1) JOSÉ AUGUSTO FORTUNATO foi um dos componentes da 1ª Câmara da Vila de Abaeté, em 1881. Descende de uma família de imigrantes judeus que se estabeleceram em Abaeté, onde alguns de seus membros estão sepultados em área separada no Cemitério Público de N. S. da Conceição em Abaetetuba.

2) ABRAHAM FORTUNATO/José Abraão pertencia a essa família de judeus.

3) O cemitério era o antigo Cemitério Municipal de N. S. da Conceição, localizado na antiga Trav. da Conceição, hoje Av. Pedro Rodrigues, foi construído no governo do Intendente Municipal Emygdio Nery da Costa, ano de 1896, conforme citação: “Pago à Leonel Antonio Lobato, pela verba –continuação do Cemitério Municipal – sito na Trav. da Conceição, em 24/10/1896, 1ª prestação do contrato com a intendência” – Nery da Costa.


TRAV. PADRE PIMENTEL:

Trav. Padre Pimentel, em 1906.


Observações s/o Pe. Pimentel:

1) O Pe. Pimentel/FRANCISCO MANOEL PIMENTEL chega à Abaeté/Pa em 1888 p/substituir o Padre Teodoro. Em Abaeté desenvolveu múltiplas atividades, sendo professor, pároco, político. Mas s/fama veio p/suas inclinações políticas, tendo p/esse motivo deixado o seu nome marcado na história. É originário da região de Barcarena e tendo muitos parentes na Vila de Abaeté e Vila de Beja.

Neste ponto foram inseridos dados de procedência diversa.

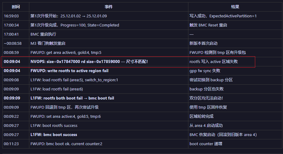 BMC升级后回滚的根本原因是 M3 固件层在将 tmp 区 rootfs 同步到 active/gold 区时,检测到 rootfs 镜像尺寸不匹配(size=0x17847000 vs rd size=0x17859000),导致 rootfs 校验失败(ret:-22),active 区域 rootfs 未被正确更新。重启后双分区均无法加载 rootfs,触发回滚机制,系统从旧的可用固件恢复启动。

Tornou-se Intendente Municipal de Abaeté, no período de 1896 a 1900, quando trabalhou nas melhorias do município, especialmente na construção de escolas. Ele foi o pároco que estava presente na Cerimônia de Instalação da Cidade de Abaeté no ano de 1895 e foi ele quem celebrou a 1ª missa na recém concluída Igreja de São Miguel, em Beja.

1) Foi o Pe. PIMENTEL quem fez os batizados da maioria de s/parentes da Vila de Beja e Abaeté, confe. relato da Sra. Ambrosina Pimentel Coutinho. Vide genealogia da família Pimentel Coutinho de Abaeté. Catarina Pimentel Coutinho, n. em 2/1/1903 e f. em 25/3/1984 c/81 anos de idade e foi b. pelo Pe. Pimentel, na Vila de Beja, sendo padrinhos: Manoel de Araújo Pimentel/irmão de Maria de Araújo Pimentel, tio avô de Ambrosina e Fábia dos Passos Pimentel.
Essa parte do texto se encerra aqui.